Unbiased PheWAS analysis identified numerous genetic variants associated with metabolic diseases and cholelithiasis, which is most frequently caused by precipitation of cholesterol in the gallbladder. Given this, we further investigated the effects of liver enzyme-increasing alleles on metabolic traits using more powered continuous versions of these traits (Supplementary Fig. 2; Supplementary Data 1416). Many liver enzyme-associated alleles showed variation in high-density lipoprotein (HDL; n = 104), low-density lipoprotein (LDL; n = 107), or triglycerides (TG; n = 104) (Supplementary Fig. 2). Anthropometric traits were also frequently associated: 34 genetic variants associated with body mass index (BMI), 20 with waist circumference, and 46 with waist-hip ratio adjusted for BMI (Supplementary Fig. 2, Supplementary Data 1416). Further, all genetic variants associated with variation in risk of cholelithiasis also associated with variation in serum lipid concentrations (Fig. 4C). We also evaluated associations between serum metabolites and liver enzyme-associated alleles based on previously published summary statistics23; we found diverse effects (Supplementary Fig. 3; Supplementary Data 1719). For instance, an ALT-increasing allele in TM6SF2 was associated with decreased intermediate-, low-, and very low-density lipoproteins, while an ALT-increasing allele near MLXIPL associated with a decrease in only very low-density lipoproteins, and another ALT-increasing APOE allele associated with decreased very low- and LDLs but increased HDL concentrations (Supplementary Fig. 3). These findings suggest that distinct metabolic and anthropometric alterations may be important mechanisms by which liver enzyme-increasing alleles cause liver damage.

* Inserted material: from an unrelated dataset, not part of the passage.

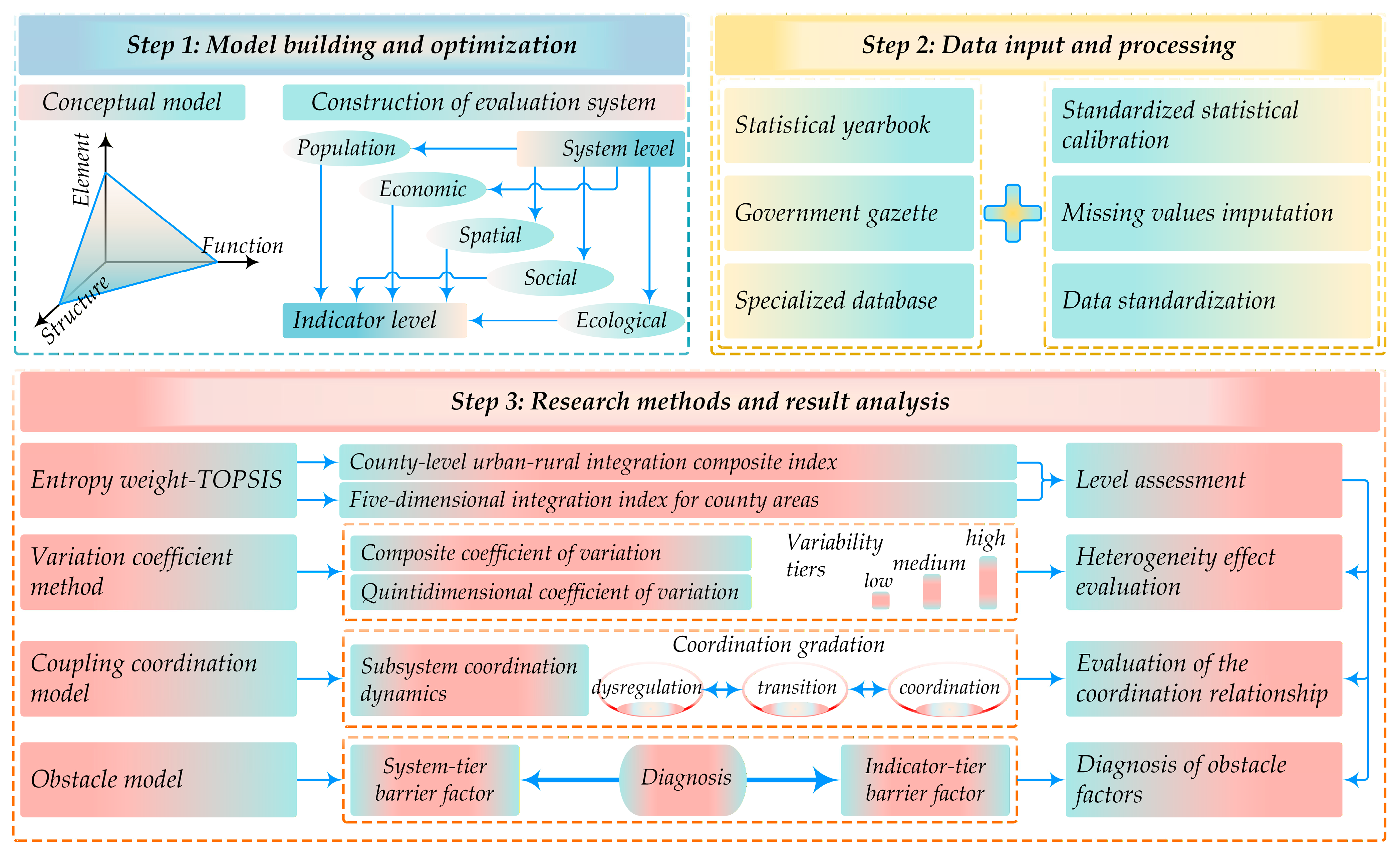 - Zhu, X.; Yu, F. Evolution characteristics, regional differences and influencing factors of urban-rural integrated development at the county scale: Take 64 counties in Wuling Mountain Area as examples. J. Nat. Resour. 2025, 40, 1386–1411. [Google Scholar] [CrossRef]

Pleiotropism analyses: causal inference

Given that liver enzyme-increasing alleles also were associated with multiple metabolic traits in UKBB, we sought to determine direction of effect: specifically, if elevated liver enzymes (presumably reflecting underlying liver disease) resulted in altered metabolism, or vice versa. We did this in two ways. First, we evaluated the variance explained for their respective traits of mutations in the genes coding for the liver enzymes themselves that were most strongly-associated with their respective liver enzyme in UKBB. We chose alleles in ALPL (rs1256330-T, beta = 0.11, p = 1.59 × 10−298, variance explained 0.005 for ALP), GPT (rs141505249-C, beta = 1.6, p < 1 × 10−300, variance explained 0.025 for ALT), GOT1 (rs146049867-T, beta = 0.69, p = 1.41 × 10−65, variance explained 0.0006 for AST), and GOT2 (rs11076256-T, beta = 0.08, p = 2.07 × 10−78, variance explained 0.0006 for AST). The coding variants in ALPL, GPT, GOT1, GOT2 did not have effects on any metabolic trait despite >90% power to detect variance explained >0.0004 on all of these traits (Supplementary Fig. 2). This suggests that ALP, ALT, and AST are not causally related to development of the metabolic changes tested. Second, we evaluated causal relationships between ALT, AST, or ALP and continuous metabolic traits in UKBB using latent causal variable analysis24. We chose these metabolic traits because they were both strongly associated with liver enzyme-altering variants and highly statistically powered (Methods). Only traits for which there was evidence of both non-zero genetic causality proportion and of non-zero genetic correlation (rho) with a liver enzyme were considered causal. We found that genetic predisposition for decreased high-density lipoprotein and increased BMI also causally increased ALT (Supplementary Table 14). There was insufficient evidence that genetic predisposition for any of the metabolic traits causally increased AST (Supplementary Table 15). ALP did not demonstrate high heritability (Z score < 7) so causal inference analysis involving ALP was not interpreted due to possible inflated p values (Supplementary Table 16). There was no significant evidence for causality of ALT, AST, or ALP with any metabolic traits. These analyses suggest that liver enzyme elevations themselves do not cause metabolic diseases, but instead are the result of metabolic disease such as obesity and dyslipidemia.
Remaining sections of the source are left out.